**THE TASK:** Repeat word for word the lines from the top of the records through the line containing "who knows? We", and skip the pictures.

*** EXTRACTED ENTRIES Section Begins ***

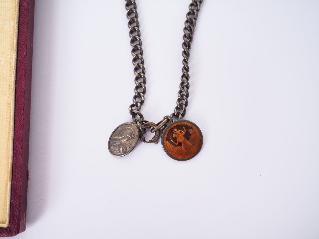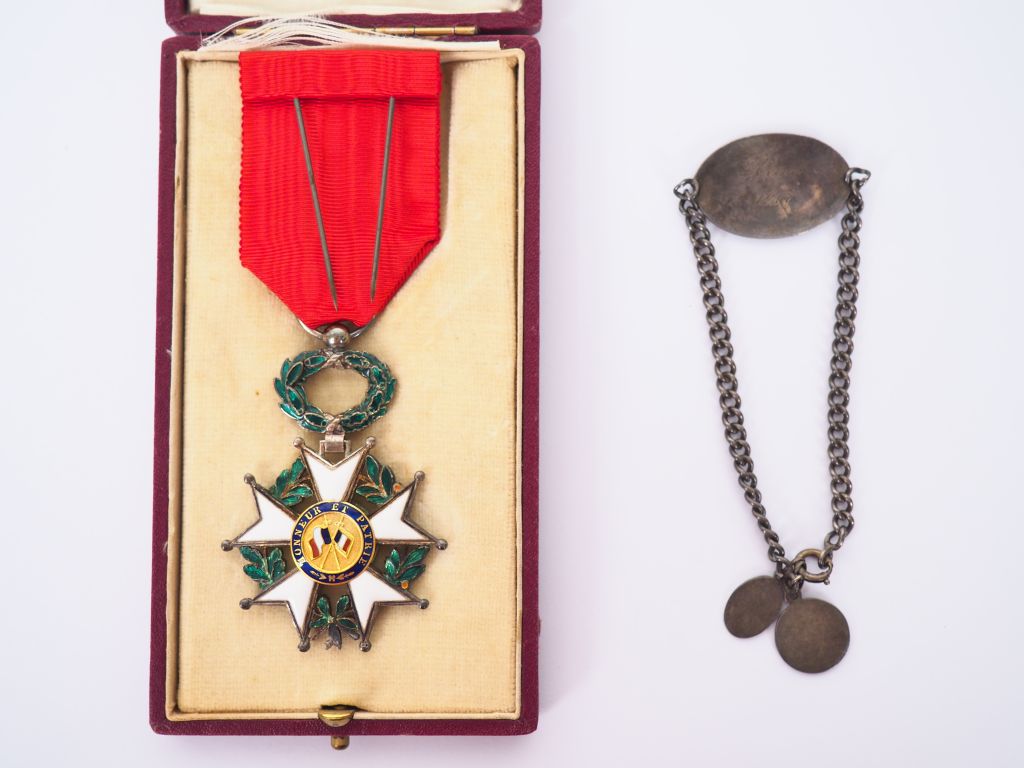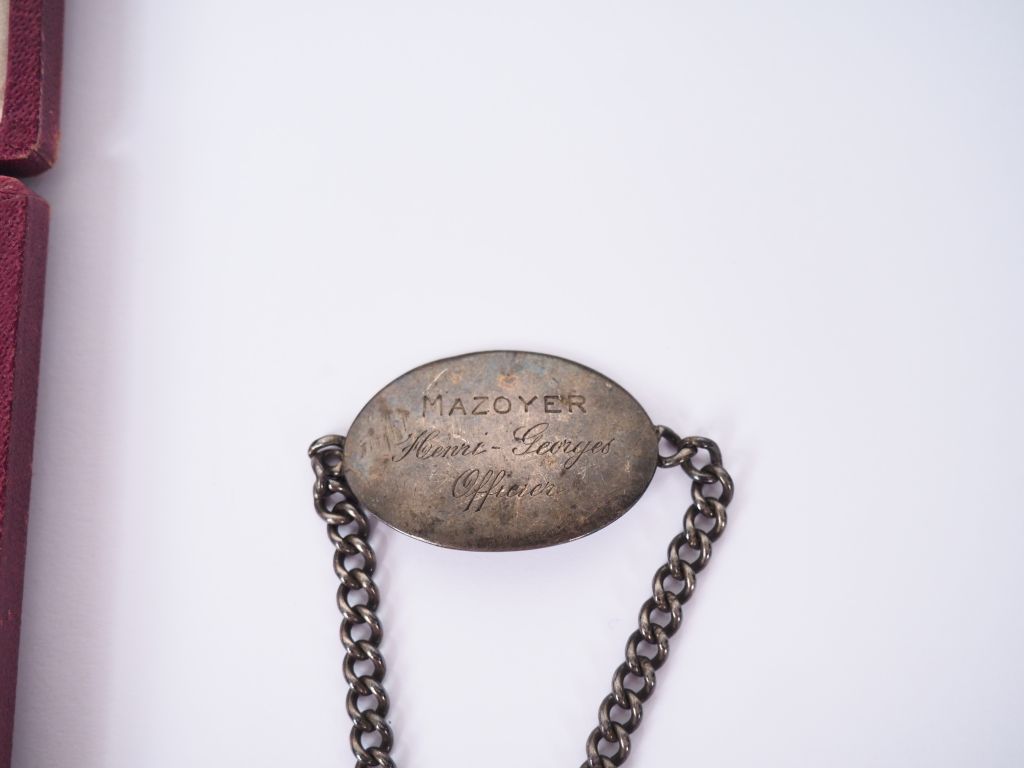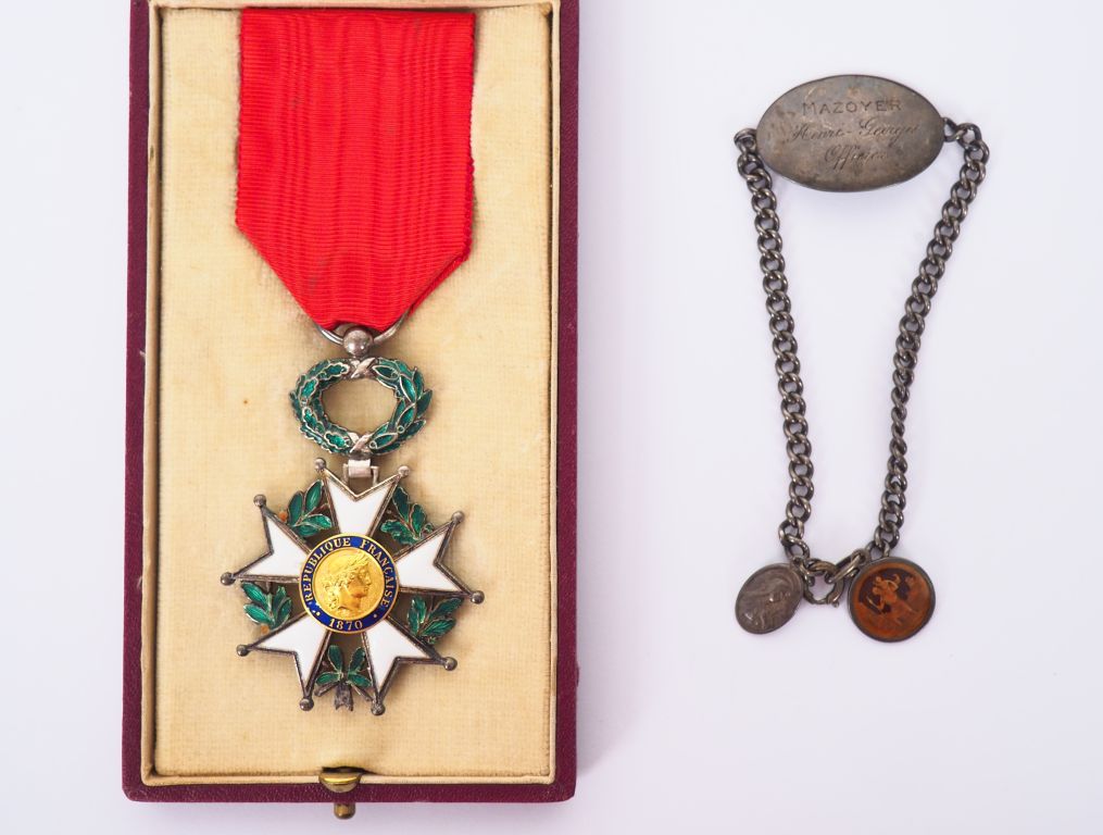 Boite en carton rouge contenant une belle étoile de chevalier de la légion d’honneur intacte ave son ruban et un bracelet en métal argenté faisant office de plaque d’identité militaire « Mazoyer Henry Georges officier » avec deux breloques religieuse porte bonheur. Etat 1.
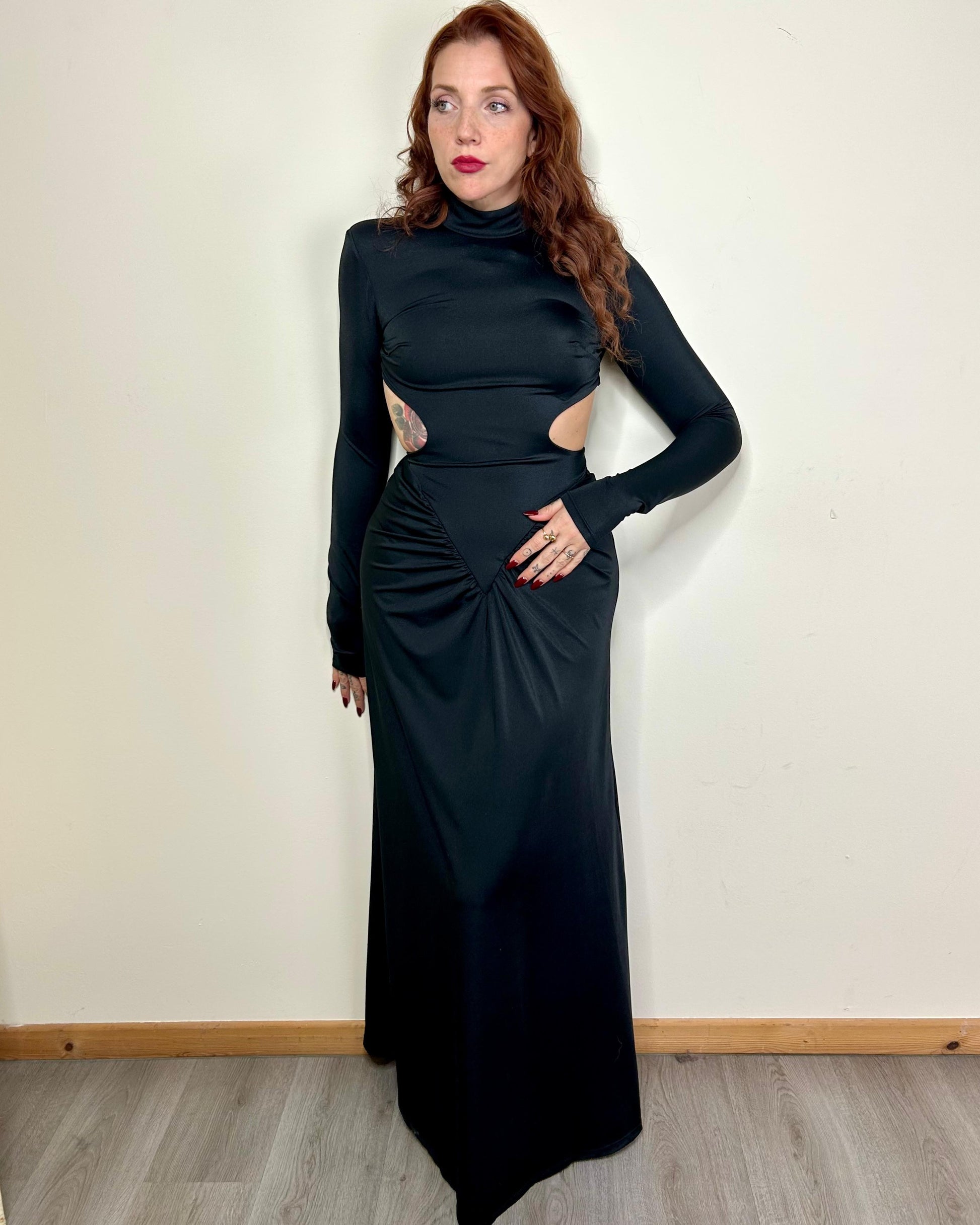 Effetto cut-out in vita e arricciatura sul davanti e dietro.
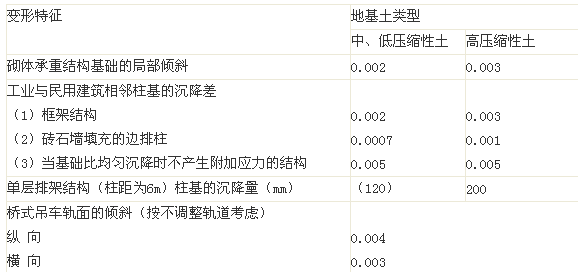 必須指出,地基的變形計(jì)算,目前還比較粗略。至于地基變形的允許值則更難準(zhǔn)確確定。我國(guó)規(guī)范根據(jù)對(duì)各類建筑物沉降觀測(cè)資料的分析綜合和對(duì)某些結(jié)構(gòu)附加內(nèi)力的計(jì)算,以及參考一些國(guó)外資料,提出了地基變形的允許值(表7-18)。對(duì)表中未包括的其它建筑物的地基變形允許值,可根據(jù)上部結(jié)構(gòu)對(duì)地基變形的適應(yīng)能力和使用上的要求來(lái)確定。
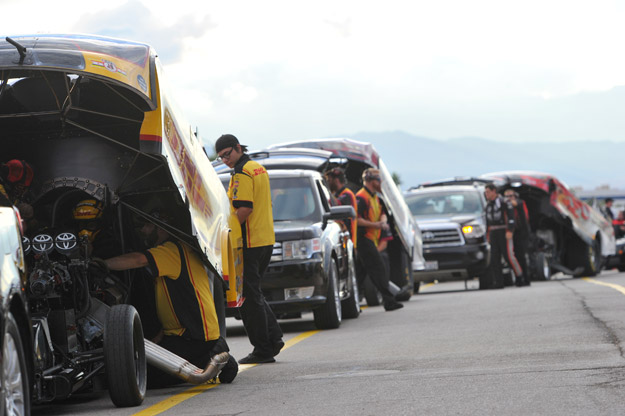 “Tomorrow, who knows? We run after dragsters, but today was cool because we had cloud cover and the track was tight. We’ll come out and fight hard again and scoop up as much as we can. We have nothing to lose right now, so you swing hard and hopefully you connect. It’s a battle out there.”
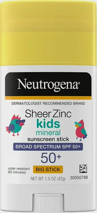 1.5 oz of Neutrogena Sheer Zinc Oxide Kids Sunscreen Applicator with full spectrum SPF 50+ for shielding against sun damage and to help prevent skin burns. This sunscreen stick applies easily with minimal mess application that leaves no white residue and is water resistant up to 80 minutes. It provides superior sun shielding to your child’s skin whenever they’re outdoors. The portable kids mineral sunblock features effective full spectrum SPF 50 plus sun care to protect against skin-aging ultraviolet A and skin-burning ultraviolet B rays. Formulated with the natural 100% mineral active ingredient zinc, the non-oily sunscreen for kids is ideal for delicate skin and is also fragrance-,dye-,oxybenzone- and free of parabens. From the #1 dermatologist recommended sun care label, when used properly, helps prevent sunburn and decrease the chance of skin cancer caused by the sunlight. Use prior to sun contact to safeguard during outdoor fun like cycling or hiking.

*** EXTRACTED ENTRIES Section Ends ***

**RESULT OF THE EXERCISE:**
 Boite en carton rouge contenant une belle étoile de chevalier de la légion d’honneur intacte ave son ruban et un bracelet en métal argenté faisant office de plaque d’identité militaire « Mazoyer Henry Georges officier » avec deux breloques religieuse porte bonheur. Etat 1.
 Effetto cut-out in vita e arricciatura sul davanti e dietro.
 必須指出,地基的變形計(jì)算,目前還比較粗略。至于地基變形的允許值則更難準(zhǔn)確確定。我國(guó)規(guī)范根據(jù)對(duì)各類建筑物沉降觀測(cè)資料的分析綜合和對(duì)某些結(jié)構(gòu)附加內(nèi)力的計(jì)算,以及參考一些國(guó)外資料,提出了地基變形的允許值(表7-18)。對(duì)表中未包括的其它建筑物的地基變形允許值,可根據(jù)上部結(jié)構(gòu)對(duì)地基變形的適應(yīng)能力和使用上的要求來(lái)確定。
 “Tomorrow, who knows? We run after dragsters, but today was cool because we had cloud cover and the track was tight. We’ll come out and fight hard again and scoop up as much as we can. We have nothing to lose right now, so you swing hard and hopefully you connect. It’s a battle out there.”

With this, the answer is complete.